- **The problem**:
When you restate the records, do so word for word and omit any picture they contain.
- Opening Delimiter -
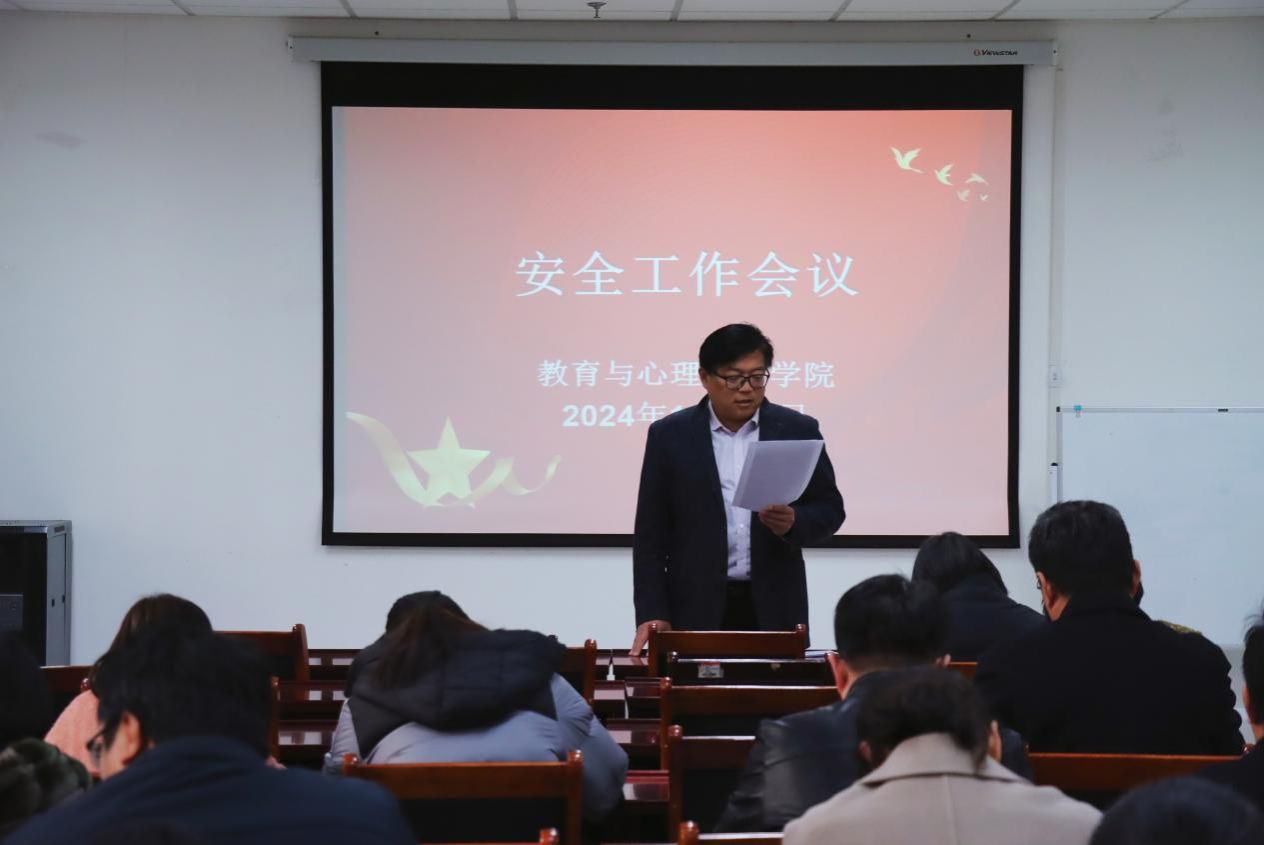 安全工作会议精神,要始终把师生的生命安全放在首位,弘扬生命至上、安全第一的思想,要全面做好安全隐患排查,强化师生风险意识,全面提升风险防范能力,共同维护好校内安全稳定。
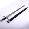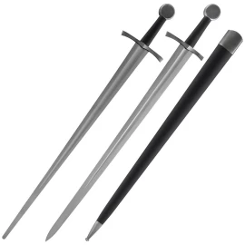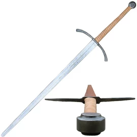Tento **rytířský meč** je navržen s ohledem na historickou autenticitu. Jeho dlouhá, rovná a oboustranná čepel je vyrobena z **vysokouhlíkové oceli** a je po obou stranách opatřena tradičním centrálním žlábkem (žlábek na čepeli je dlouhý cca 63,5 cm), který snižuje hmotnost a zlepšuje vyvážení zbraně. Čepel se směrem ke špičce zužuje, ale zůstává dostatečně robustní. Díky zaoblené hraně o tloušťce cca 2,3 mm je meč bezpečný pro použití v lehkém kontaktním šermu.
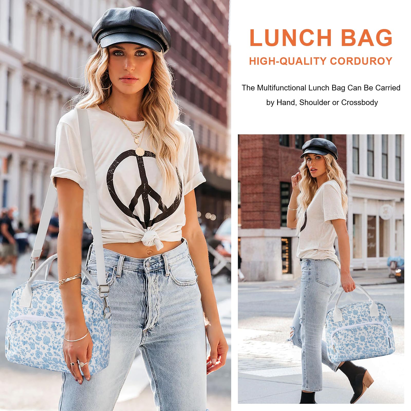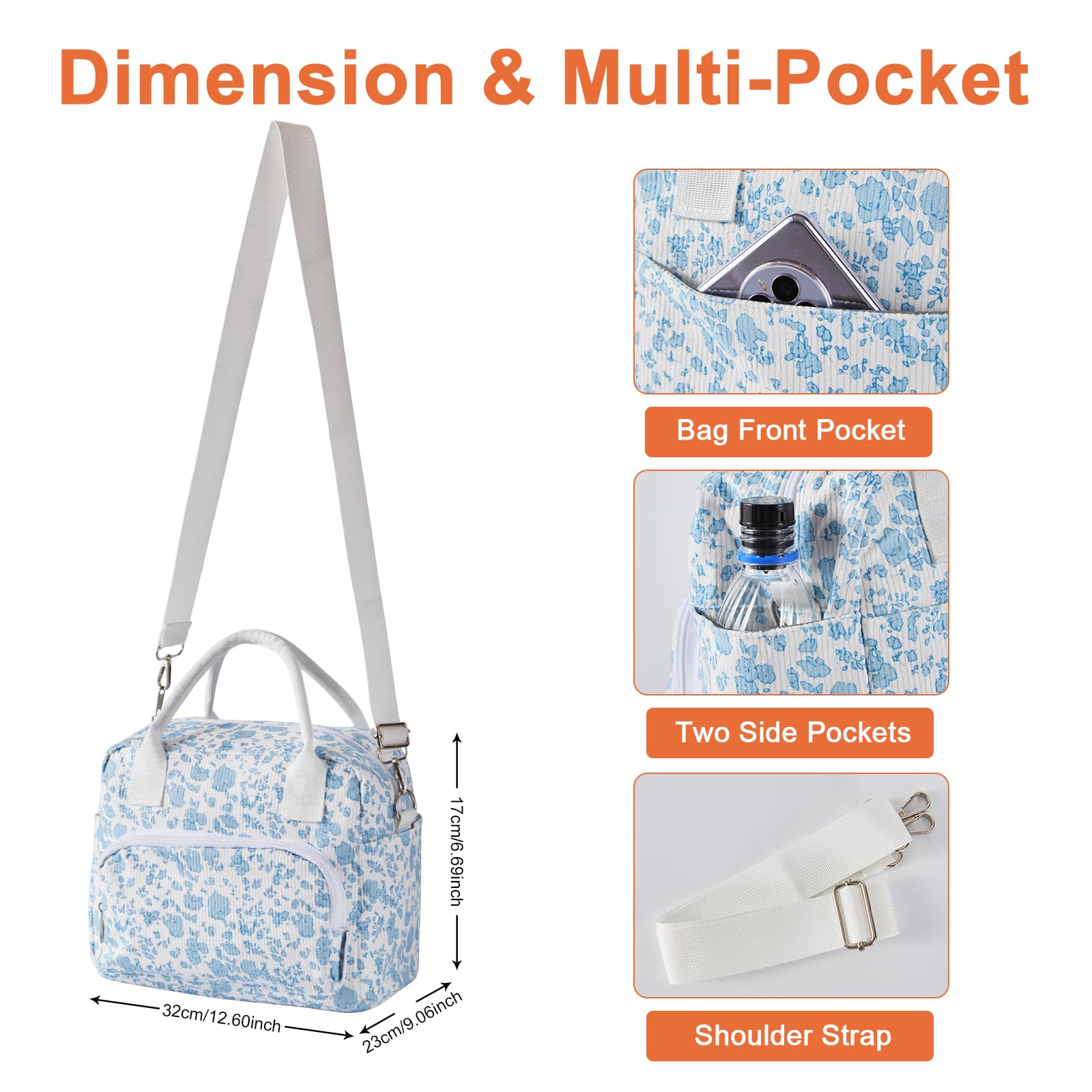 - Design élégant et large utilisation-Parfait pour le déjeuner au bureau, ce joli sac à lunch en velours côtelé peut également être utilisé comme sac de tous les jours décontracté ou même comme trousse de maquillage, adapté à diverses occasions telles que le travail, les voyages, la plage, le pique-nique, la fête, etc.
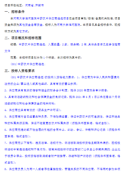 【淮河医院】河南大学淮河医院中药饮片供应商遴选项目竞争性磋商公告
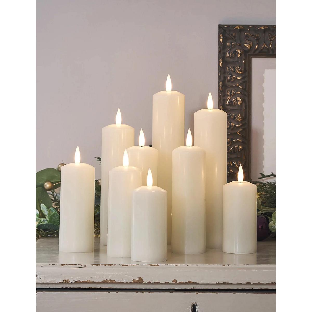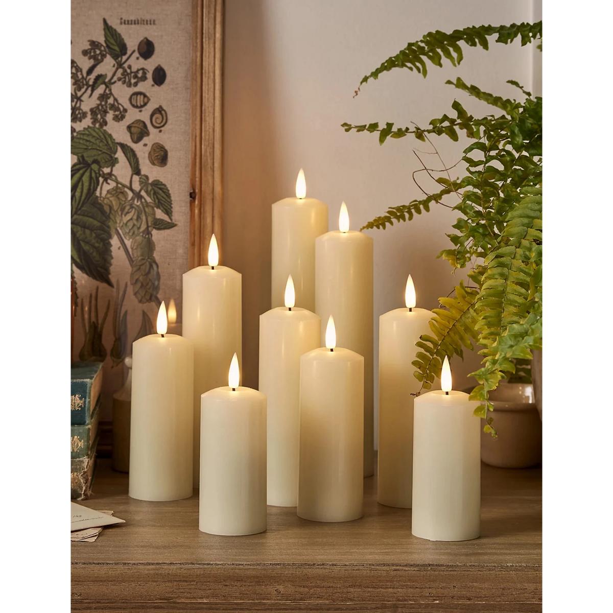 Lights4Fun Set of 9 TruGlow® Slim Pillar LED Candles - Ivory, Ivory
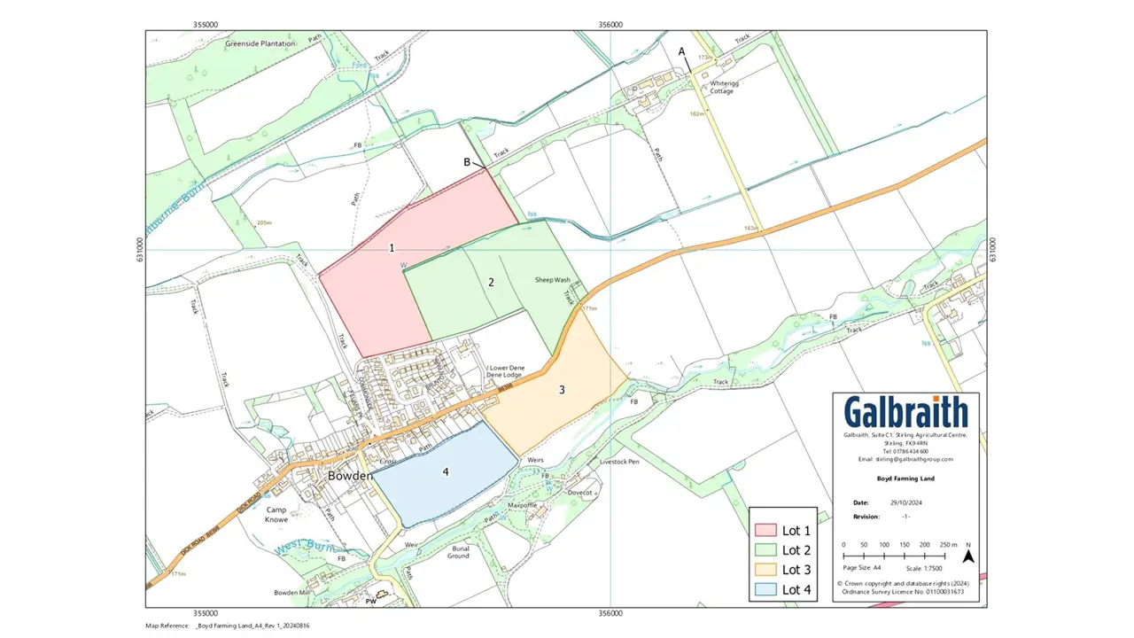 SITUATIONLand at Bowden is situated in a rural yet accessible location to the south of the popular small settlement of Bowden, approximately 1.5 miles west of Newtown St Boswells and approximately 4 miles south of Melrose. The land is located within a short distance of both the A7 and A68 roads which lead to the Scottish and English border, as well as Edinburgh (40 miles).The nearby village of Newtown St Boswells offers day to day amenities and is also home to St Boswells livestock mart. Melrose, Tweedbank, and Galashiels offer a wider range of retail and business facilities including supermarkets, industrial estates, hospital, and primary and secondary schooling. The nearest train station is Tweedbank, located approximately 4.5 miles from the land which provides excellent transport links to Edinburgh and the South.The area is also renowned for its spectacular countryside and its many rural pursuits including hill walking, mountain biking, horse riding and the sporting opportunities afforded by local Estates and the River Tweed and its tributaries.Traditionally this area of the Borders is known for its mixed farming units combining fertile land capable of producing excellent yields of a range of crops and extensive areas of pasture and grazing land well suited to the rearing of livestock.METHOD OF SALELand at Bowden is offered for sale as a whole or in 2 lots.DESCRIPTIONLand at Bowden comprises a productive block of grazing ground extending to approximately 10.24 Ha (25.30 Acres) in total. The land has been classified as Grade 3.2 by the James Hutton Institute and has been divided into two separate fields which are all well fenced and have water troughs. The land lies south of the village of Bowden and may present longer term development opportunities subject to obtaining necessary consents and holds a strategic position in terms of the future expansion of the village.Lot 1: Land extending to approximately 5.32 Ha (13.15 Acres)The land at Lot 1 is located south east of the village of Bowden and comprises a single enclosure extending to approximately 5.32 Ha (13.15 Acres) in total. The land rises from approximately 145m above sea level at its lowest point adjacent to the south east boundary to approximately 170m above sea level at the most northern point. Lot 1 is accessed via a field gate which leads from the B6398 public roadLot 2: Land extending to approximately 4.92 Ha (12.16 Acres)The land at Lot 2 is located south of the village of Bowden and comprises one enclosure of pasture ground extending to approximately 4.92 Ha (12.16 Acres). The land rises from approximately 152m above sea level at its lowest point towards the eastern corner to approximately 179m above sea level at its highest point near the north west corner of the enclosure. Lot 2 is accessed via a field gate onto the minor public road which leads south from the village of Bowden.CLAWBACKThe missives of sale will be subject to the Purchaser(s) granting a Clawback Agreement in favour of the Sellers to clawback 30% of the uplift in value, in the event of planning permission being granted for development for any purpose other than agricultural, over any part of the subjects, being obtained subsequent from the date of entry for a period of 30 years, which said obligations shall be secured via a Standard Security.MINERALSThe mineral rights are included in the sale in so far as they are owned by the Seller.TIMBERAll fallen and standing timber is included in the sale in so far as it is owned by the Seller.SPORTING RIGHTSIn so far as these rights form part of the property title they are included within the sale.FIXTURES AND FITTINGSNo other items are included unless mentioned in the sales particulars.DEPOSITA deposit of 10% of the purchase price shall be paid within seven days of completion of Missives. Deposit will be non-refundable in the event of the Purchaser failing to complete for reasons not attributable to the Seller or their Agents.POSSESSION AND ENTRYThe land at Bowden is currently let on as seasonal basis until November 2025. Further details are available from the selling agents. Vacant possession and entry will be given on completion or such mutual time to be agreed by the Seller and the Purchaser(s).THIRD PARTY RIGHTS AND SERVITUDESThe Sellers benefit from a prescriptive right of access over that part of the private access track which splits Lots 1 and 2 lying between the field gates.Lot 1 is subject to new servitude rights in favour of a landowner to the north of the village to install a new water pipe along the northern perimeter of the field. In the event a new water pipe is installed, the purchaser of Lot 1, will also benefit from rights to make a connection to new water pipe. Further details are available from the selling agents.HISTORIC & ENVIROMENTAL DESIGNATIONSThe land has been designated as a National Scenic Area. More information can be found on the Nature Scotland Website https://sitelink.nature.scot/site/9124Lot 2 has been designated as a Conservation Area. More information can be found on the Scottish Borders Council Website https://www.scotborders.gov.uk/directory-record/25979/bowden.IACSAll the farmland is registered for IACS purposes.NITRATE VULNERABLE ZONE (NVZ)The Land at Bowden is included within a Nitrate Vulnerable Zone.BASIC PAYMENT SCHEME ENTITLEMENTS (BPSE)Any payments relating to the 2025 scheme year will be retained by the Seller. If applicable, the Purchaser(s) will be responsible upon occupation of the subjects of sale to comply fully with the Statutory Management requirements to maintain the farmland in Good Agricultural and Environmental Condition (GAEC) as laid down under the Cross Compliance rules of the Basic Payment Scheme (BPS) for the remainder of the scheme year.The Seller may enter discussions with the Purchaser to transfer the right to receive Basic Payment Scheme (BPS) Entitlements in addition to the heritable property and by separate negotiation. Further details are available
- Closing Delimiter -
- **Answer below**:
 安全工作会议精神,要始终把师生的生命安全放在首位,弘扬生命至上、安全第一的思想,要全面做好安全隐患排查,强化师生风险意识,全面提升风险防范能力,共同维护好校内安全稳定。
Tento **rytířský meč** je navržen s ohledem na historickou autenticitu. Jeho dlouhá, rovná a oboustranná čepel je vyrobena z **vysokouhlíkové oceli** a je po obou stranách opatřena tradičním centrálním žlábkem (žlábek na čepeli je dlouhý cca 63,5 cm), který snižuje hmotnost a zlepšuje vyvážení zbraně. Čepel se směrem ke špičce zužuje, ale zůstává dostatečně robustní. Díky zaoblené hraně o tloušťce cca 2,3 mm je meč bezpečný pro použití v lehkém kontaktním šermu.
 - Design élégant et large utilisation-Parfait pour le déjeuner au bureau, ce joli sac à lunch en velours côtelé peut également être utilisé comme sac de tous les jours décontracté ou même comme trousse de maquillage, adapté à diverses occasions telles que le travail, les voyages, la plage, le pique-nique, la fête, etc.
 【淮河医院】河南大学淮河医院中药饮片供应商遴选项目竞争性磋商公告
 Lights4Fun Set of 9 TruGlow® Slim Pillar LED Candles - Ivory, Ivory
 SITUATIONLand at Bowden is situated in a rural yet accessible location to the south of the popular small settlement of Bowden, approximately 1.5 miles west of Newtown St Boswells and approximately 4 miles south of Melrose. The land is located within a short distance of both the A7 and A68 roads which lead to the Scottish and English border, as well as Edinburgh (40 miles).The nearby village of Newtown St Boswells offers day to day amenities and is also home to St Boswells livestock mart. Melrose, Tweedbank, and Galashiels offer a wider range of retail and business facilities including supermarkets, industrial estates, hospital, and primary and secondary schooling. The nearest train station is Tweedbank, located approximately 4.5 miles from the land which provides excellent transport links to Edinburgh and the South.The area is also renowned for its spectacular countryside and its many rural pursuits including hill walking, mountain biking, horse riding and the sporting opportunities afforded by local Estates and the River Tweed and its tributaries.Traditionally this area of the Borders is known for its mixed farming units combining fertile land capable of producing excellent yields of a range of crops and extensive areas of pasture and grazing land well suited to the rearing of livestock.METHOD OF SALELand at Bowden is offered for sale as a whole or in 2 lots.DESCRIPTIONLand at Bowden comprises a productive block of grazing ground extending to approximately 10.24 Ha (25.30 Acres) in total. The land has been classified as Grade 3.2 by the James Hutton Institute and has been divided into two separate fields which are all well fenced and have water troughs. The land lies south of the village of Bowden and may present longer term development opportunities subject to obtaining necessary consents and holds a strategic position in terms of the future expansion of the village.Lot 1: Land extending to approximately 5.32 Ha (13.15 Acres)The land at Lot 1 is located south east of the village of Bowden and comprises a single enclosure extending to approximately 5.32 Ha (13.15 Acres) in total. The land rises from approximately 145m above sea level at its lowest point adjacent to the south east boundary to approximately 170m above sea level at the most northern point. Lot 1 is accessed via a field gate which leads from the B6398 public roadLot 2: Land extending to approximately 4.92 Ha (12.16 Acres)The land at Lot 2 is located south of the village of Bowden and comprises one enclosure of pasture ground extending to approximately 4.92 Ha (12.16 Acres). The land rises from approximately 152m above sea level at its lowest point towards the eastern corner to approximately 179m above sea level at its highest point near the north west corner of the enclosure. Lot 2 is accessed via a field gate onto the minor public road which leads south from the village of Bowden.CLAWBACKThe missives of sale will be subject to the Purchaser(s) granting a Clawback Agreement in favour of the Sellers to clawback 30% of the uplift in value, in the event of planning permission being granted for development for any purpose other than agricultural, over any part of the subjects, being obtained subsequent from the date of entry for a period of 30 years, which said obligations shall be secured via a Standard Security.MINERALSThe mineral rights are included in the sale in so far as they are owned by the Seller.TIMBERAll fallen and standing timber is included in the sale in so far as it is owned by the Seller.SPORTING RIGHTSIn so far as these rights form part of the property title they are included within the sale.FIXTURES AND FITTINGSNo other items are included unless mentioned in the sales particulars.DEPOSITA deposit of 10% of the purchase price shall be paid within seven days of completion of Missives. Deposit will be non-refundable in the event of the Purchaser failing to complete for reasons not attributable to the Seller or their Agents.POSSESSION AND ENTRYThe land at Bowden is currently let on as seasonal basis until November 2025. Further details are available from the selling agents. Vacant possession and entry will be given on completion or such mutual time to be agreed by the Seller and the Purchaser(s).THIRD PARTY RIGHTS AND SERVITUDESThe Sellers benefit from a prescriptive right of access over that part of the private access track which splits Lots 1 and 2 lying between the field gates.Lot 1 is subject to new servitude rights in favour of a landowner to the north of the village to install a new water pipe along the northern perimeter of the field. In the event a new water pipe is installed, the purchaser of Lot 1, will also benefit from rights to make a connection to new water pipe. Further details are available from the selling agents.HISTORIC & ENVIROMENTAL DESIGNATIONSThe land has been designated as a National Scenic Area. More information can be found on the Nature Scotland Website https://sitelink.nature.scot/site/9124Lot 2 has been designated as a Conservation Area. More information can be found on the Scottish Borders Council Website https://www.scotborders.gov.uk/directory-record/25979/bowden.IACSAll the farmland is registered for IACS purposes.NITRATE VULNERABLE ZONE (NVZ)The Land at Bowden is included within a Nitrate Vulnerable Zone.BASIC PAYMENT SCHEME ENTITLEMENTS (BPSE)Any payments relating to the 2025 scheme year will be retained by the Seller. If applicable, the Purchaser(s) will be responsible upon occupation of the subjects of sale to comply fully with the Statutory Management requirements to maintain the farmland in Good Agricultural and Environmental Condition (GAEC) as laid down under the Cross Compliance rules of the Basic Payment Scheme (BPS) for the remainder of the scheme year.The Seller may enter discussions with the Purchaser to transfer the right to receive Basic Payment Scheme (BPS) Entitlements in addition to the heritable property and by separate negotiation. Further details are available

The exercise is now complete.